The similarities among the subject-based TBCA instruments are that they all assess multiple cognitive domains, and the telephone-unfriendly items are eliminated. The main differences are that different instruments may cover different cognitive domains, and they use different strategies to modify the telephone-unfriendly items. The subject-based tests rely on the subject’s clinical performance, which closely reflects the subject’s cognitive function. When these tests are administered via telephone, some cognitive domains cannot be assessed technically, such as visual construction. Also, without visual communication, it is more difficult for subjects with possible cognitive and hearing impairment to comprehend the instructions. These factors may post threats to the applicability of subject-based tests.
3.1.2. Informant-based Tests
Informant-based tests refer to assessments that are designed to be responded to by others who know about the subject. They require only that the subjects’ caregivers report their observations on the activity and functioning level of the subjects. In this case, the informant can be the caregiver, either formal or informal, of the subject. The informant-based instruments basically adopt face-to-face testing, even for TBCA instruments (e.g., the Telephone Dementia Interview, TDS; the Informant Questionnaire on Cognitive Decline in the Elderly, IQCODE; and the Symptoms of Dementia Screener, SDS) [30,31,32]. Unlike the subject-based tests, modification is generally not needed because the respondent is not hindered in his or her response as a result of his or her cognitive ability. It provides an alternative when some participants are unable to be assessed over the phone for various reasons, such as deafness or disease. The validity of this instrument depends heavily on the availability of caregivers and the depth of their knowledge about the subject’s functioning level.
However, administration of the informant-based tests via telephone does not significantly resolve the problems of the face-to-face versions. The caregivers still have to talk simultaneously with the assessors to complete the test. If the assessors and the caregivers are not simultaneously available, the availability problem is not solved. It also does not resolve the problem that arises when caregivers have an inadequate understanding of the subject’s functioning level.
3.1.3. Combined Tests
Combined tests refer to assessments that use both subject- and informant-based tests. Both the subject and the informant are assessed. This method aims to balance the accuracy and feasibility of the two types of test. Some face-to-face instruments (e.g., the Structured Telephone Interview for the Dementia Assessment, STIDA, and the Brief Screen for Cognitive Impairment, BSCI) [33,34], which combined both subject- and informant-based tests, were adopted directly for TBCA. Modification was generally not needed because both the subject- and informant-based components had already been adapted to be administered via telephone, so that there were no telephone-unfriendly items.
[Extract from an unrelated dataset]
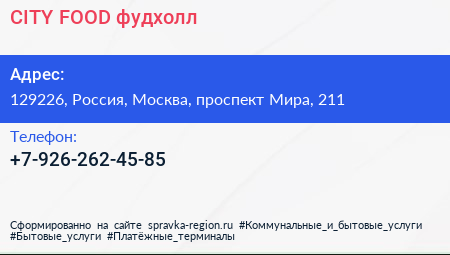CITY FOOD, фудхолл по адресу 129226, Россия, Москва, проспект Мира, 211 в дальнейшем Организация, размещена в следующих категориях:

The emergence of the combined tests aimed at providing more information for the clinician about the subjects’ cognitive function. Technically, when the combined test is administered via telephone, it does not resolve the problems of the subject-based (e.g., no visual communication) and informant-based tests (e.g., availability of the caregivers).
3.2. The Validity
Most TBCA instruments have undergone certain validation procedures, although the rigor of the studies varies. The TBCA cited here were validated by several methods, namely, comparison with medical assessment by a physician, comparison with the same instrument administered face to face, and comparison with other validated instruments (Table 2). Some of the instruments have been examined for reliability.
Some TBCA instruments were compared with the medical assessment according to the clinical gold standard in order to examine the criterion validity. For example, the TICS  was validated by comparison with the medical assessment according to the National Institute of Neurological and Communicative Disorders and Stroke-Alzheimer’s Disease and Related Disorder Association (NINCDS-ADRDA) criteria for clinical diagnosis of probable Alzheimer’s disease. These validation studies showed that most of the instruments (TICS, TICS-m, TELE, TCAB, TDQ, IDCODE, SDS, STIDA) could accurately differentiate between people with and without dementia or cognitive impairment. The sensitivity of the tools validated in this approach ranged from 0.89 to 1.0, and the specificity from 0.83 to 0.97 [19,20,22,24,30,31,32,33].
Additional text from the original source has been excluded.